Mais si tu te tiens ferme, tu finiras par te faire respecter en te montrant ferme et déterminé dans toutes les circonstances et toutes les sphères. Au milieu des conflits d'intérêts et des difficultés entrecroisées, va, la tête haute mais sans étourderie, toujours droits aux faits. Ne cherche pas l'unanimité, ne crains pas de te faire des ennemis sur le chemin de ta droiture.

Tu dois éviter la complaisance et la compromission avec tout venant. De toutes les façons, ne t'en fais pas, pendant que les troupes du mal utiliseront leurs armes basses pour te punir pour avoir agiter leurs mauvaises consciences, les agents anonymes du bien, où qu'ils seront, se joindront à ton action.

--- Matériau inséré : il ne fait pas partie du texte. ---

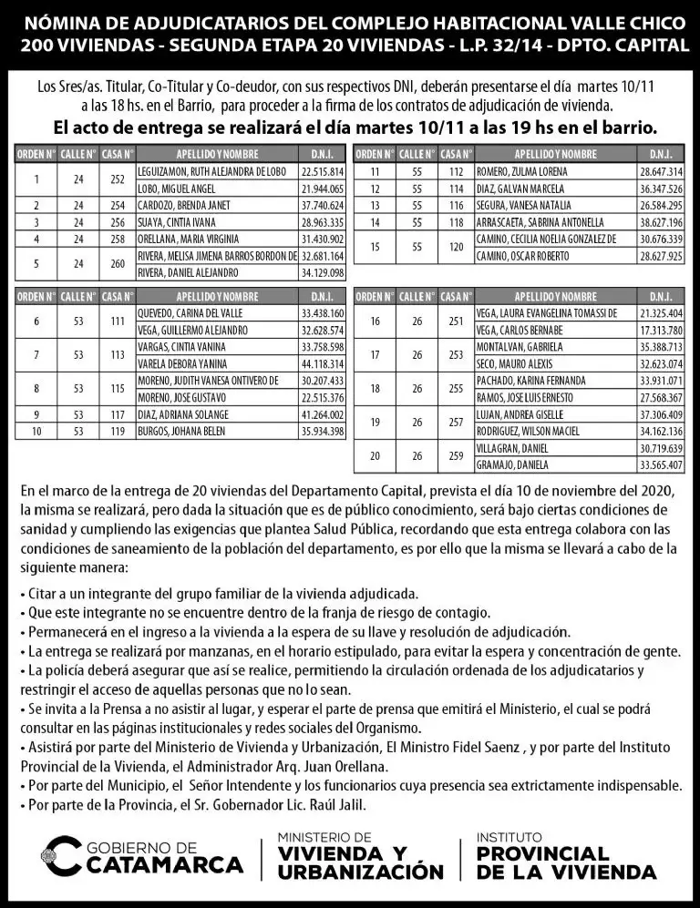 Al igual que la semana pasada, previo a la entrega de viviendas, los titulares, co-titulares y co-deudores para la firma de los contratos de adjudicación de viviendas, deberán presentarse esta tarde, una hora antes del acto, con sus respectivos DNI.
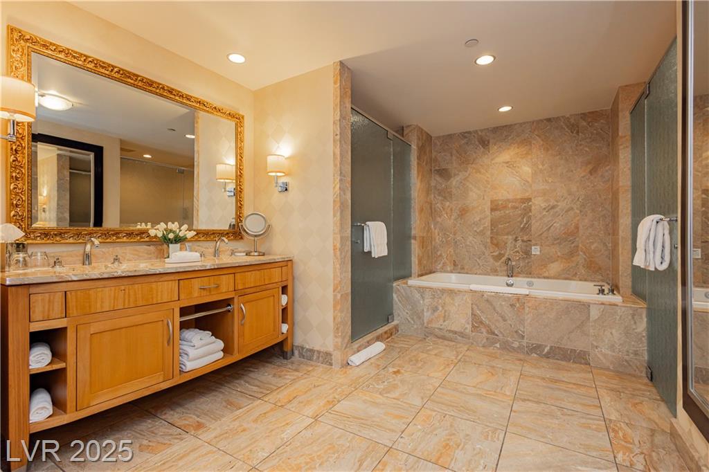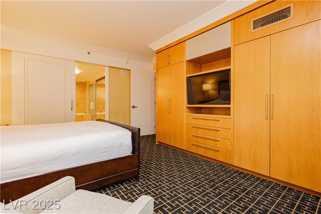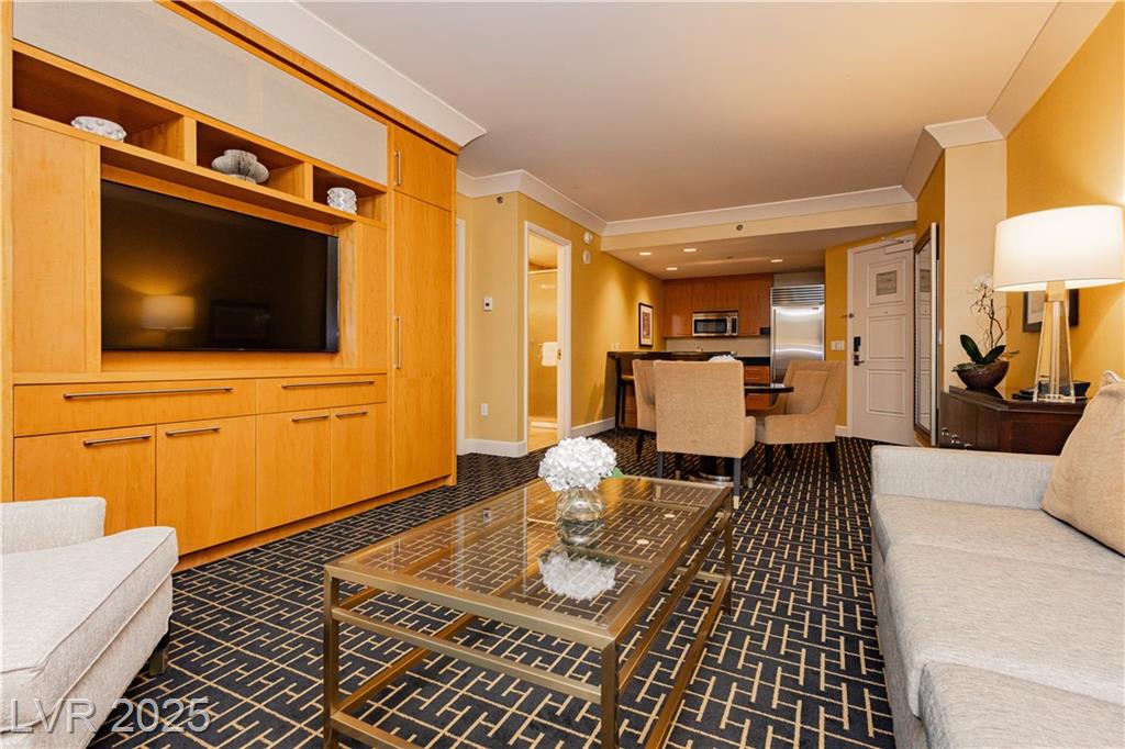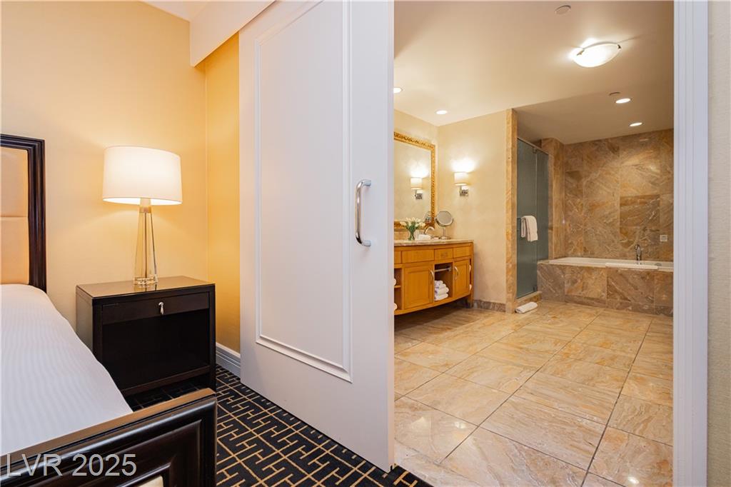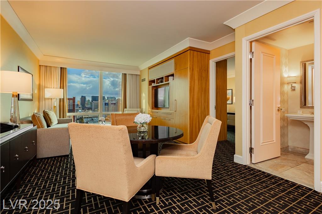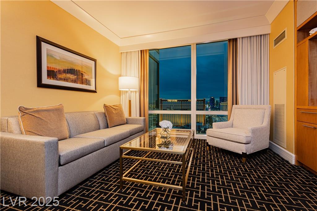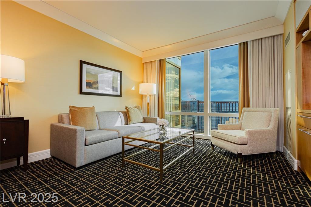 Experience unparalleled luxury and breathtaking views from this 910 square-foot condominium in the renowned Trump Las Vegas Residences. Floor-to-ceiling windows display captivating panoramic vistas of the Las Vegas Strip, including the iconic Sphere and shimmering city skyline. This sophisticated 1-bedroom, 2-bathroom residence boasts an impeccably designed gourmet kitchen, featuring top-of-the-line appliances, ideal for the discerning chef. Unwind and rejuvenate in the primary bathroom, a tranquil oasis with elegant marble flooring and countertops, dual vanities, and a luxurious six-foot soaking tub. Indulge in a world of refined opulence, quality, and comfort in this remarkable Las Vegas home.

Ta persévérance finira aussi par te faire gagner la partie passive qui se ralliera tôt ou tard à toi. Les graines que tu auras semées, sans même le savoir, dans le sillon des cœurs encore rocailleux, seront en train de germer, croître et former peut-être de grands ficus dressés et dominant cet espace apparemment monotone, insouciant, voire hostile.

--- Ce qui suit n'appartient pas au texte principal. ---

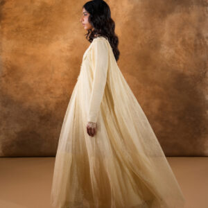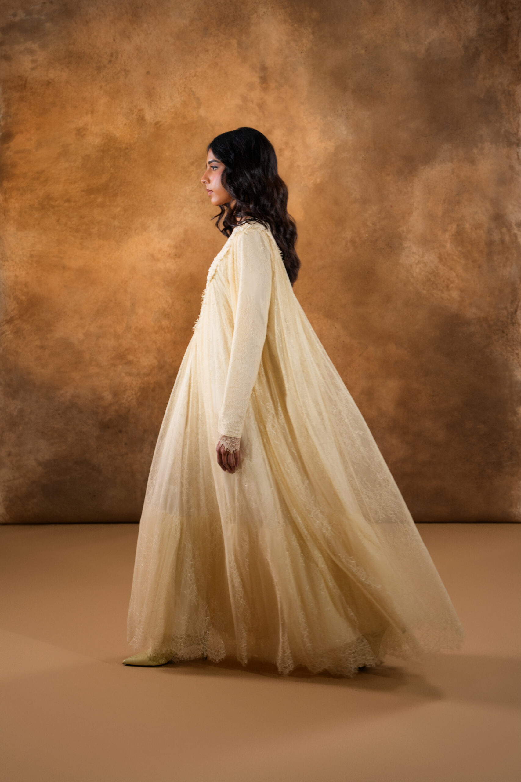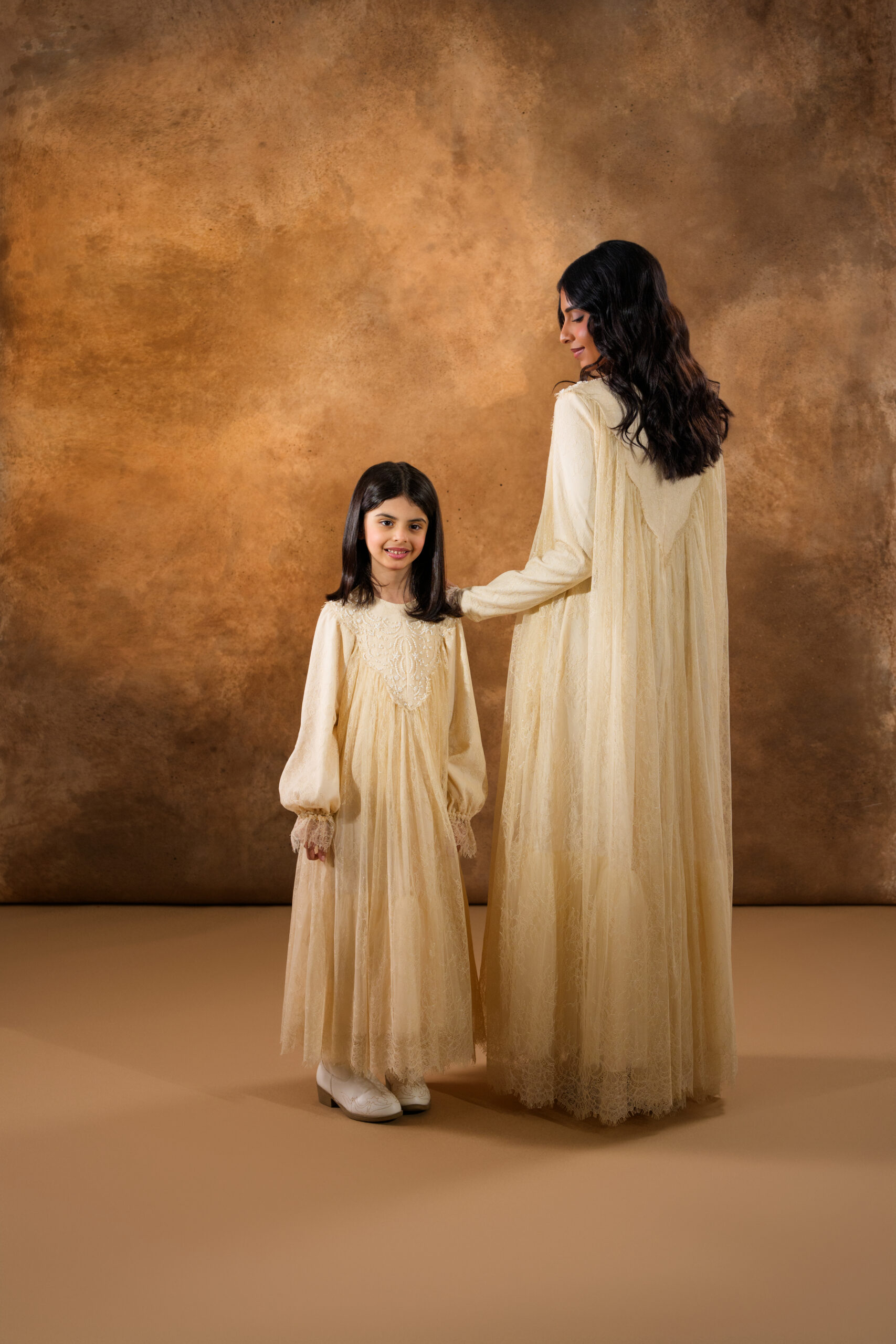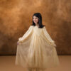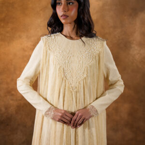 فستان من دانتيل شانتيي الفرنسي بالكامل، مزخرف بتطريزات خرز فاخرة على الياقة الأمامية ليمنح إطلالة راقية وأنثوية ناعمة. يتميز بطبقة إضافية من التول أسفل الفستان لتعزيز الحجم والانسيابية، مما يضفي حركة جميلة وأناقة فاخرة في كل خطوة.

Ne t'avoues jamais vaincu, même si les ennemis réussissent sur toi quelques coups. Considère cela comme la perte d'une bataille qui ne fera que te stimuler pour poursuivre la guerre. Car, pour un homme courageux, la chance et l'adversité sont comme sa main droite et sa main gauche. Il se sert de l'une comme de l'autre. Les incompréhensions, tu les rencontreras même dans ta famille. En effet, la famille est une société en miniature [...]

Sébastien Katihabwa (1990); Magume ou les ombres du sentier.